What this task involves → Each record below should be reproduced as it is written, with pictures left out entirely.
___
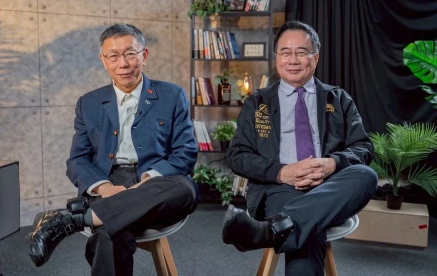 蔡正元和柯文哲同框翘脚,一起秀出"电子脚镣"
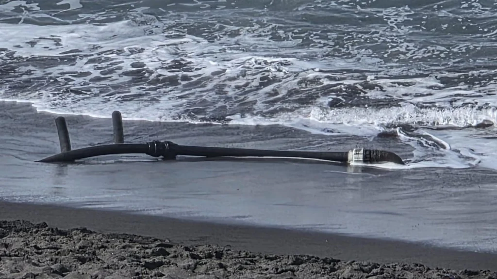 Odkryty fragment ma kształt wylotu lub złącza z gwintem, tych samych rozmiarów i jest praktycznie nieruchomy. Rura ciągnęła się dalej w głąb plaży, a jeśli jakiś plażowicz lub spacerowicz (co na tej plaży jest bardzo częste) jej nie zauważył, stanowiła nawet zagrożenie potknięcia się lub zranienia dla bosych stóp. W lutym, jak pokazują towarzyszące temu tekstowi zdjęcie i film (które szeroko rozeszły się w mediach społecznościowych), rura odsłonięta przez morze w zimie, podczas której plaża straciła lub usunięto znacznie więcej piasku niż zwykle, była znacznie dłuższa i miała kilka uniesionych odgałęzień.
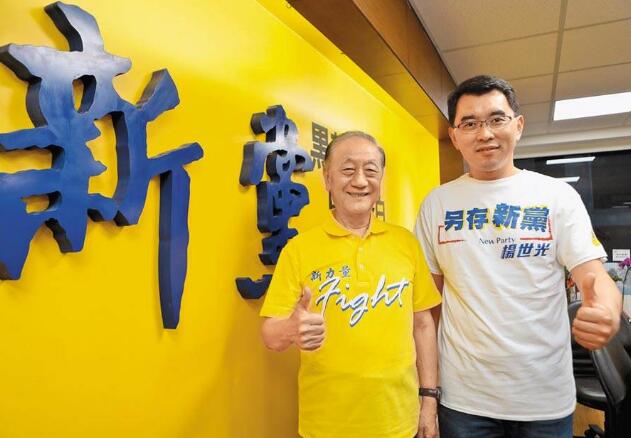 新党主席郁慕明(左)与新党2020参选人杨世光(右)。(图源:台湾“中时电子报”)
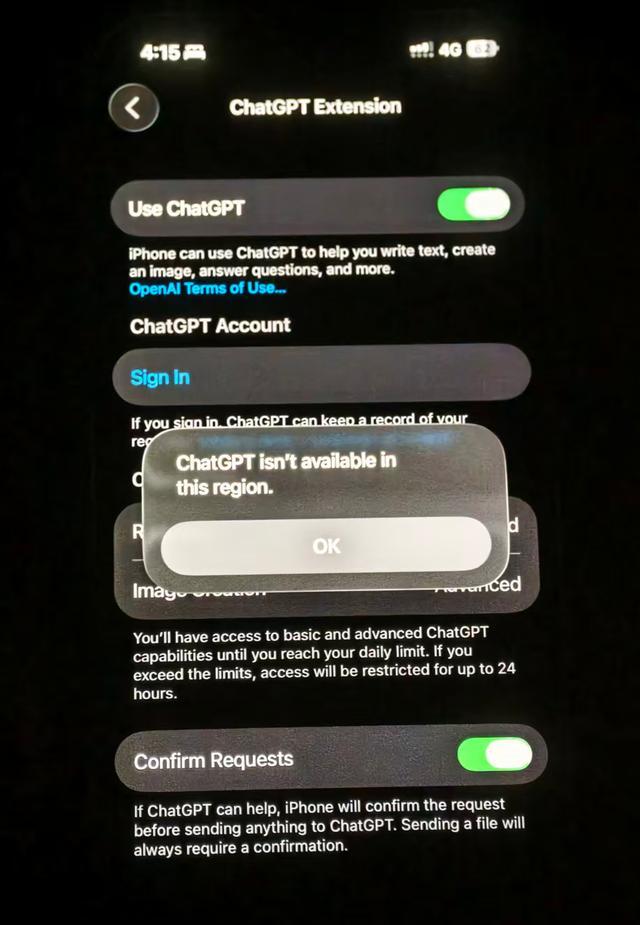 甚至还有用户打开功能后,被系统提示“ChatGPT在您所在地区并不支持”。
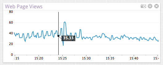 DogStatsD normalizes counters over the flush interval to report per-second units. In the graph above, the marker is reporting 35.33 web page views per second at ~15:24. In contrast, if one person visited the webpage each second, the graph would be a flat line at y = 1.
___
Task answer →
 蔡正元和柯文哲同框翘脚,一起秀出"电子脚镣"
 Odkryty fragment ma kształt wylotu lub złącza z gwintem, tych samych rozmiarów i jest praktycznie nieruchomy. Rura ciągnęła się dalej w głąb plaży, a jeśli jakiś plażowicz lub spacerowicz (co na tej plaży jest bardzo częste) jej nie zauważył, stanowiła nawet zagrożenie potknięcia się lub zranienia dla bosych stóp. W lutym, jak pokazują towarzyszące temu tekstowi zdjęcie i film (które szeroko rozeszły się w mediach społecznościowych), rura odsłonięta przez morze w zimie, podczas której plaża straciła lub usunięto znacznie więcej piasku niż zwykle, była znacznie dłuższa i miała kilka uniesionych odgałęzień.
 新党主席郁慕明(左)与新党2020参选人杨世光(右)。(图源:台湾“中时电子报”)
 甚至还有用户打开功能后,被系统提示“ChatGPT在您所在地区并不支持”。
 DogStatsD normalizes counters over the flush interval to report per-second units. In the graph above, the marker is reporting 35.33 web page views per second at ~15:24. In contrast, if one person visited the webpage each second, the graph would be a flat line at y = 1.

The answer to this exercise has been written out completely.